Lyme disease is a Group 3 infectious disease in South Korea, and the number of cases reported to the Korea Disease Control and Prevention Agency has gradually increased from 2011 to 2020, with an average of 15.4 cases reported per year, and 31, 23, 23, and 12 cases reported each year from 2017 to 2020, respectively14.

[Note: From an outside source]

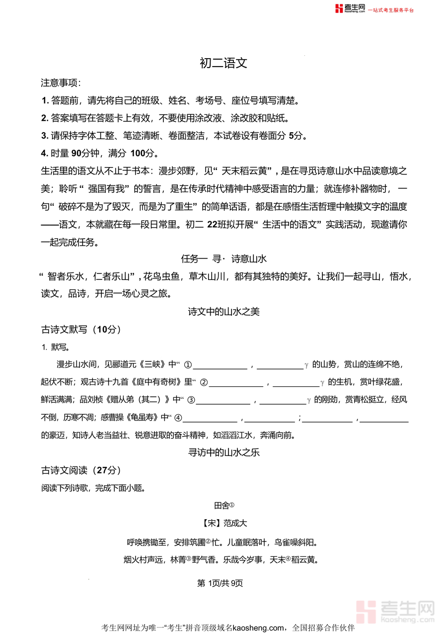 该资料核心用途为帮助学生熟悉月考题型结构与难度梯度,精准把握该校命题规律;使用场景包括学生自主刷题巩固知识体系、教师分析命题趋势用于课堂教学规划、家长辅助孩子针对性查漏补缺;用户价值在于让学生提前适应月考应试节奏,快速定位古诗文理解、名著细节掌握等薄弱环节;备考优势在于依托该校真实命题原卷,能有效提升应试能力,并为后续阶段学习积累实战经验。

The diagnosis of Lyme disease is confirmed based on positive results in an indirect immunofluorescence assay or enzyme-linked immunosorbent assay via western blot analysis or by isolating and identifying the pathogen from clinical specimens from patients, including blood samples. In addition, the molecular techniques used for classifying and identifying Borrelia spp. and B. burgdorferi include PCR targeting rRNA genes, flaB, recA, p66, and the plasmid-encoded gene ospA; DNA-DNA homology analysis, ribotyping, PCR-RFLP analysis, pulsed-field gel electrophoresis, randomly amplified polymorphic DNA fingerprinting, multilocus sequence typing/multilocus sequence analysis, and whole genome sequencing2,15–21. The process of culturing clinical specimens to detect B. burgdorferi is labor-intensive, expensive, and applicable only to untreated patients, and therefore, is not used in clinical practice. However, microorganisms can be directly detected in clinical specimens using PCR, and their genotype can be confirmed through sequencing without isolating the pathogens17. Nested PCR is known to exhibit a sensitivity 100 times greater than that of conventional PCR; hence, nested PCR can be used to increase the diagnostic sensitivity for Lyme disease17,22. Nested PCR targeting the rrf (5S)-rrl (23S) intergenic spacer and ospA (encoding the outer surface protein A) gene or the 16S rRNA and pyrG (encoding CTP synthase) genes was performed, along with sequence analysis, to detect Borrelia DNA in clinical samples17,20.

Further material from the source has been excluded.